Monday, December 09, 2002, 07:00-09:00 p.m., MP 401

07:00-07:15
A Comparison of PETSc Linear Solvers on the Poisson Equation
Toni M. Smith
The Portable Extensible Toolkit for Scientific Computation (PETSc) is used in parallel computing to solve large scale problems. Such problems might, at some point, require the numerical solution to a large linear system. We compare two of the methods avaliable in PETSc: Conjugate Gradient and Generalized Minimum RESidual. We test these methods on linear systems generated by the finite difference discretization of the Poisson equation and do so with and without available preconditioners. We wish to determine which method and preconditioner will return the numerical solution in the least amount of time, for the largest system, with the greatest efficiency.

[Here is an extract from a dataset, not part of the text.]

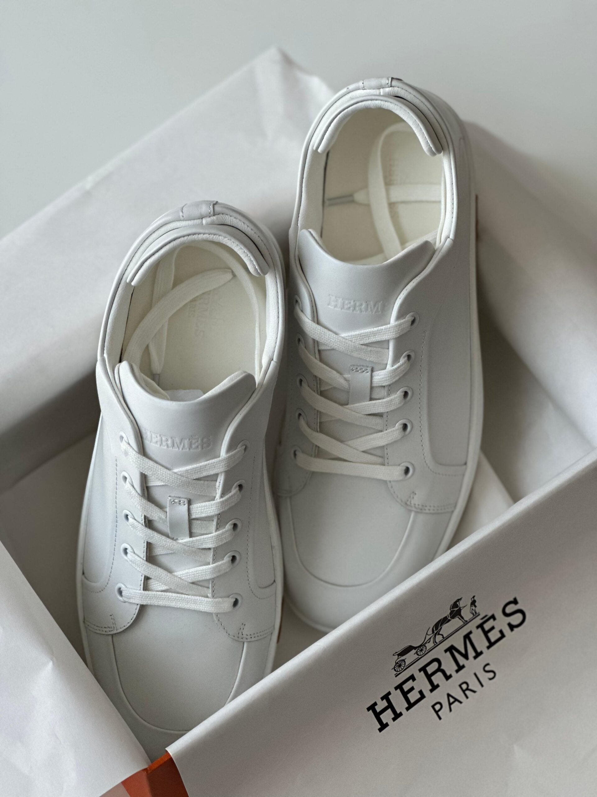 Hermès Kid Sneaker in White Calfskin & Suede – Sleek Urban Luxury.

We find that the conjugate gradient method with block Jacobi preconditioning is the best option available in PETSc.
Faculty mentor: Matthias K. Gobbert
Postscript-file of the report.
07:20-07:35
A Matrix-Free Conjugate Gradient Solution of the Poisson Equation
Kevin P. Allen
The conjugate gradient method is perhaps the most powerful algorithm for iteratively solving a system of linear equations with a symmetric positive definite system matrix. Parallelization of the method saves time without compromising accuracy of the solution. By using a matrix-free matrix-vector product, the system matrix is never stored, reducing the strain on memory. The combination of these aspects allows us to solve much larger systems of equations much more quickly.

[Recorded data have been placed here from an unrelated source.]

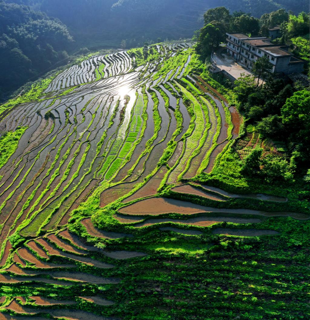 为了能拍出最好的摄影作品,欧阳老师吃了不少苦。印象最深的是为了拍摄袁州区温汤镇谢坪村的梯田,下农田时,因为长时间的拍摄,加上田间毒虫甚多,欧阳老师的手腕上、胳膊上被咬了巨大的包,严重到必须得拔罐才能排毒好转。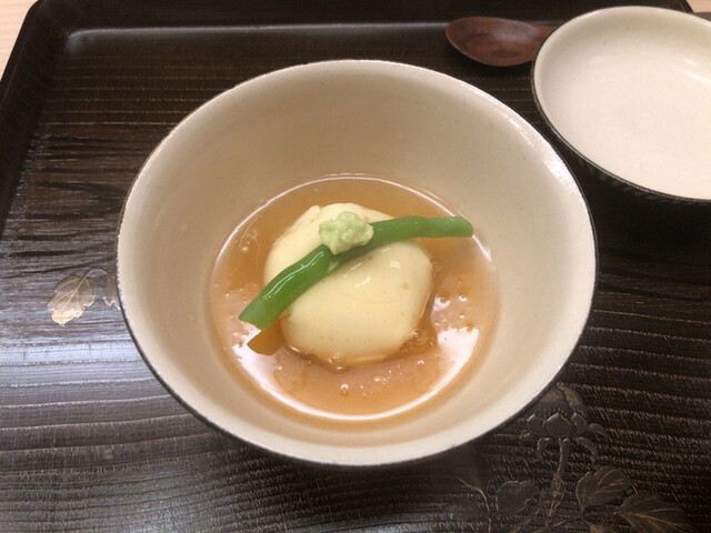 →まずはお出汁を♪美しいお出汁のままです!そして九絵は肉厚でゼラチン質を存分に味わえますね(^^)白髪葱の食感と柚子の香りが心地良かったです!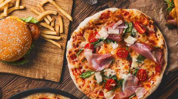Salsa de tomate, jamón de pavo, champiñones, huevo duro, salsa de ajo, queso y orégano

Faculty mentor: Matthias K. Gobbert
Postscript-file of the report.
07:40-07:55
A Reusable C++ Library for Parallel Maximum Likelihood Phylogenetic Reconstruction
Rajeev Ayyagari
A great deal of software, such as PHYLIP and AxML, is available for estimation of Phylogenetic Trees from DNA nucleic sequence data. Much of this software runs in parallel using MPI. However, the source for most existing software has a monolithic, hard-wired structure that greatly increases the effort involved in understanding or modifying these programs. This project produces a library of components for maximum-likelihood estimation of phylogenetic trees that can easily be modified, replaced or extended (through object-oriented techniques such as inheritance). Features include parallelization of the process of phylogenetic tree estimation in a way that makes it easy to add/modify library functionality. It hides as much of the parallelization from a casual user as possible, providing an interface that accepts just a communicator and does the apportioning automatically. Nucleotide-wise parallelization was chosen as a quantum of parallelization that was coarse-grained enough to avoid excessive communication overhead and fine grained enough the be applicable under most models of evolution. The method is shown to be highly amenable to parallelization.

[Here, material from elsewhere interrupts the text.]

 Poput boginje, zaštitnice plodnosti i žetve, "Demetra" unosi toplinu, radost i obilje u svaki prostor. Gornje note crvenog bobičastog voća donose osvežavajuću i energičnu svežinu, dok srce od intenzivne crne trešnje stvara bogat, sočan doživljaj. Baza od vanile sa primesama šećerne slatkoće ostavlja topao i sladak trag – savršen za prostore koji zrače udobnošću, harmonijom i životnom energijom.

Faculty mentor: Madhu Nayakkankuppam
PDF-file of the report.
08:00-08:15
Data Distribution for Parallel Sparse Matrix-Vector Multiplication in the Conjugate Gradient Algorithm for Systems of Linear Equations
Olena Shevchenko
Sparse matrix-vector multiplication lies at the heart of many iterative solvers for linear systems (in particular, in the conjugate gradient method). In these solvers, a multiplication y = A x has to be carried out repeatedly for the same sparse matrix (in the conjugate gradient method A is square symmetric positive definite), but each time for a different input vector x. On a distributed-memory parallel computer, efficient multiplication requires a suitable distribution of the data and the associated work. In particular, this requires distributing the sparse matrix over the p processors of the parallel computer such that each processor has about the same number of non-zeros and such that the amount of communications is minimal. Such data distribution as well as matrix-vector multiplication was implemented and used in the conjugate gradient method.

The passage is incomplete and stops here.